DATA SHOWN »

- - - - - - -

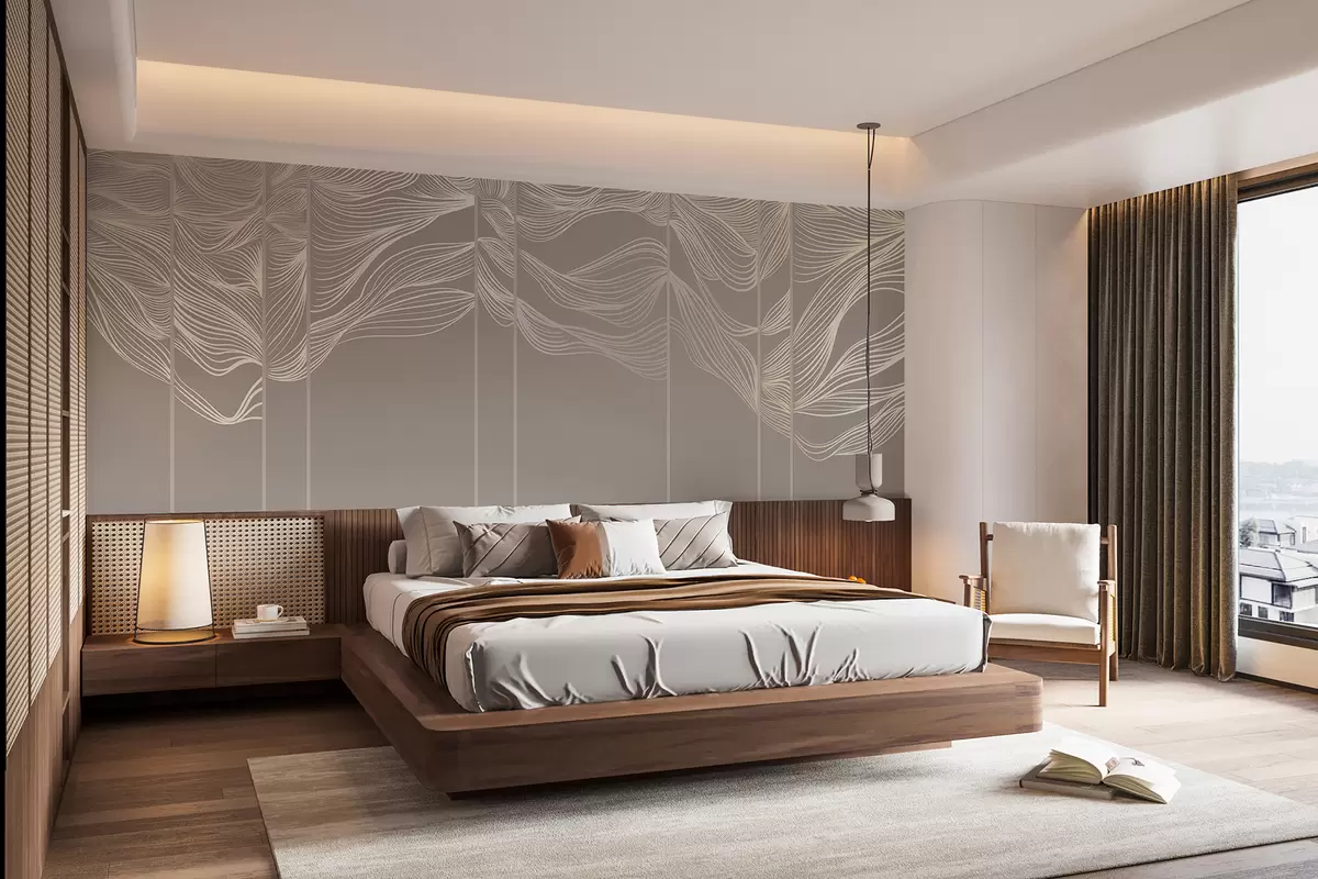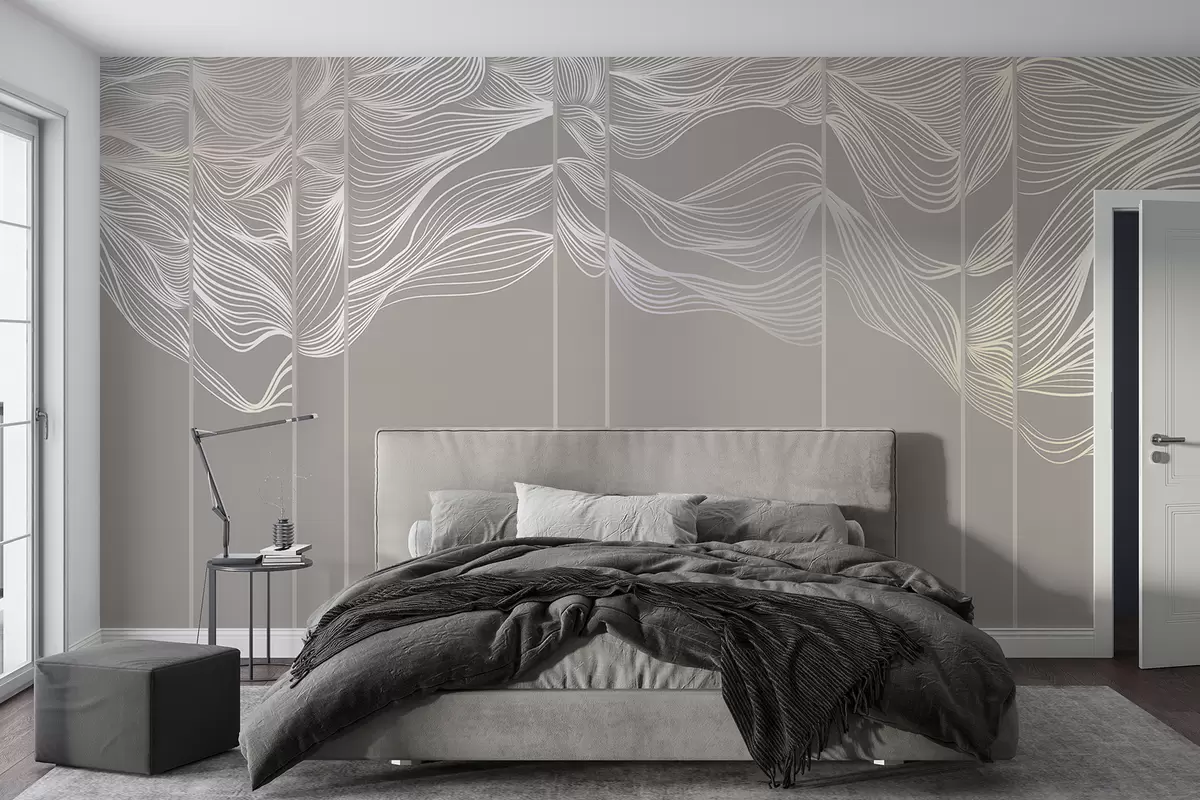Flowing white abstract line waves against a light brown background - Wall mural (No. w08263)
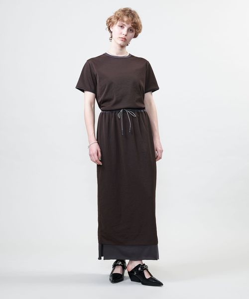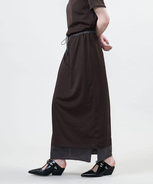 異素材コンビのレイヤードデザインが特徴のイージータイトスカート。
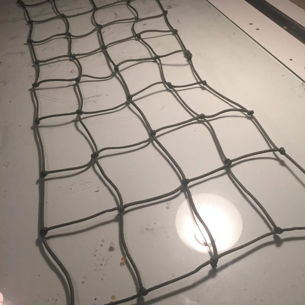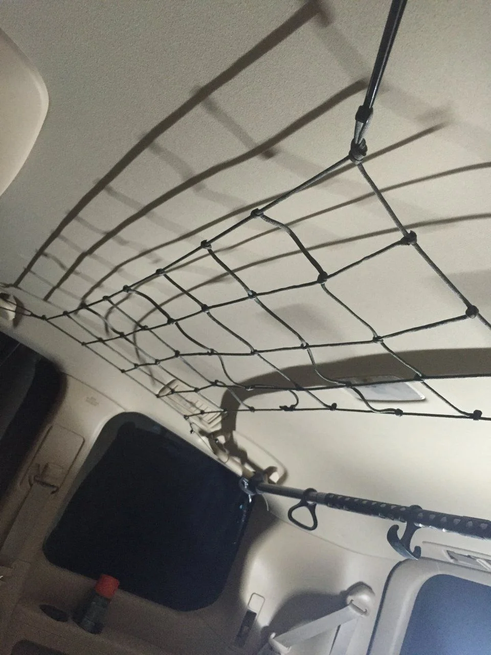 Wanted some overhead storage for the second row for jackets/hats so tied together this paracord net and then just zip-tied it to the grab handles. Will see how it holds up. I had a cargo net thing before but it drooped too much.

- - - - - - -

EXERCISE » Go through the data and return every word of it verbatim, leaving out the pictures.

TASK ANSWER »
Flowing white abstract line waves against a light brown background - Wall mural (No. w08263)
 異素材コンビのレイヤードデザインが特徴のイージータイトスカート。
 Wanted some overhead storage for the second row for jackets/hats so tied together this paracord net and then just zip-tied it to the grab handles. Will see how it holds up. I had a cargo net thing before but it drooped too much.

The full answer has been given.